Een frisse potpourri van smaken en stijlen
‘Een pleidooi voor het lezen van korte verhalen begint al te vaak met het betreuren van de geringe appreciatie voor het genre in onze contreien en de lage verkoopcijfers ervan. […] Dat is zo, maar het wordt vast erger als we het voortdurend blijven herhalen.’
- Annelies Verbeke in het voorwoord.
Uitgeverij Podium doet niet wat Annelies Verbeke hierboven schrijft. Niets wordt betreurd. In plaats daarvan overtuigen ze de markt van het korte verhaal door het te publiceren. Met resultaat, want uit de eerste publicatie van een verhalenbundel is ondertussen een hele serie gegroeid. Normaal bevat elke bundel verhalen van één auteur. Dit keer mocht het ietsje anders. De verantwoordelijken voor planning en marketing bij de uitgeverij hadden goed in de gaten dat de Week van het Korte Verhaal in aantocht was, en voorzagen mooi op tijd een speciale uitgave – de 21ste van de serie – met daarin de 21 favoriete korte verhalen van bekende Nederlandse en Vlaamse schrijvers, die hun favoriet ook mogen inleiden.

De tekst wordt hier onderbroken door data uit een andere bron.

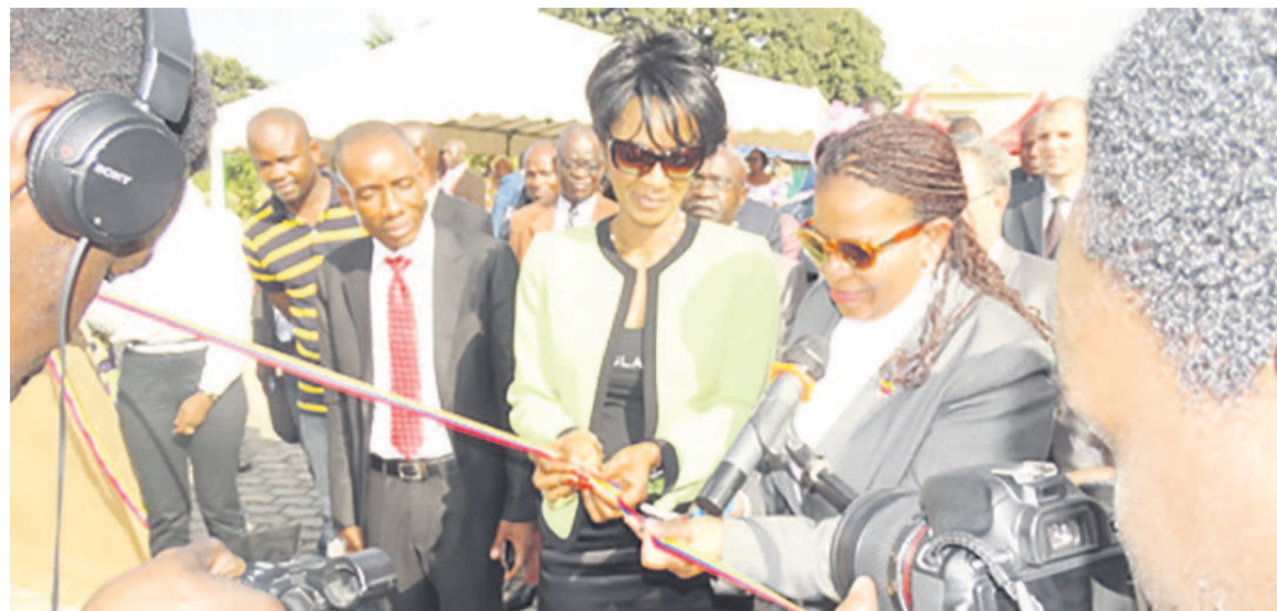
Coupe du ruban symbolique par l'ambassadeur du Venezuela et la directrice du cabinet du ministre de la culture et des arts

En effet, la République du Congo et la République bolivarienne du Venezuela, pays pétroliers savent qu'il faut mettre en œuvre des plans stratégiques à l'échelle nationale et internationale pour l'exploitation du

Over dat getal 21 moeten we het toch even hebben. Annelies Verbeke verslikt zich in haar voorwoord al meteen in dat getal en noemt deze bundel het 20ste deel. Vervolgens blijken er maar 20 verhalen in de bundel te staan. Alex Boogers enthousiasmeert ons namelijk voor een verhaal van J.D. Salinger, waarna helemaal op het einde van zijn betoog doodleuk vermeld staat dat de erven van Salinger helaas geen toestemming gaven voor opname van het verhaal in de bundel. Sneu voor Boogers, maar een koude douche voor de lezer die zich voelt als een kind dat eerst verlekkerd wordt met de belofte van een snoepje, waarna het snoepje weer in de pot wordt gestopt. Je zal maar die lezer zijn die het boek koopt omdat de naam Salinger op de cover staat...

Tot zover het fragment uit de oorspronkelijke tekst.